### Provided material
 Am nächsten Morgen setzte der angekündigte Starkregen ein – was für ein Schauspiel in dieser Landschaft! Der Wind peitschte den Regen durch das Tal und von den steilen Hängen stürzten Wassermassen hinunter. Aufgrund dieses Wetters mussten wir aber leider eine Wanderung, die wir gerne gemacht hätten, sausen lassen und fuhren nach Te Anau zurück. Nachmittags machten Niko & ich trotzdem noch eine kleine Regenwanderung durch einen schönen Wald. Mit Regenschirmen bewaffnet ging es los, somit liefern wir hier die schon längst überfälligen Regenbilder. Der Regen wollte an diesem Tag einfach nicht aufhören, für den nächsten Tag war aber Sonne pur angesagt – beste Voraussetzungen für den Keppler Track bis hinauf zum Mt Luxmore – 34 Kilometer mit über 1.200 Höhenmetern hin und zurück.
* * *
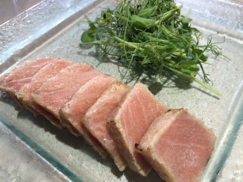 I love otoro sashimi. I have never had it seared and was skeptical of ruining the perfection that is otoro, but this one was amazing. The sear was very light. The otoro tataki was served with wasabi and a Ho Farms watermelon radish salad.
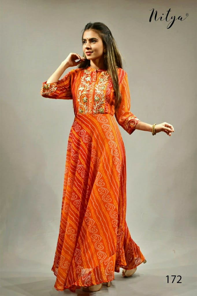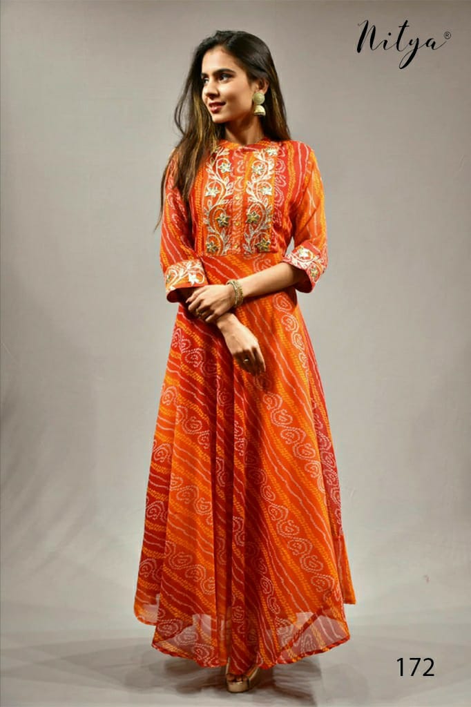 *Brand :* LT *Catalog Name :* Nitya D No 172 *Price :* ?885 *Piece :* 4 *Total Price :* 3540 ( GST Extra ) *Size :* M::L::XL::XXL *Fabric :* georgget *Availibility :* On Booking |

### What you should do
The data above holds the lines to copy: start at the one with "I love otoro", stop at the one with "On Booking |", include both, copy them exactly without pictures, and copy nothing else.

### Answer to this exercise
 I love otoro sashimi. I have never had it seared and was skeptical of ruining the perfection that is otoro, but this one was amazing. The sear was very light. The otoro tataki was served with wasabi and a Ho Farms watermelon radish salad.
 *Brand :* LT *Catalog Name :* Nitya D No 172 *Price :* ?885 *Piece :* 4 *Total Price :* 3540 ( GST Extra ) *Size :* M::L::XL::XXL *Fabric :* georgget *Availibility :* On Booking |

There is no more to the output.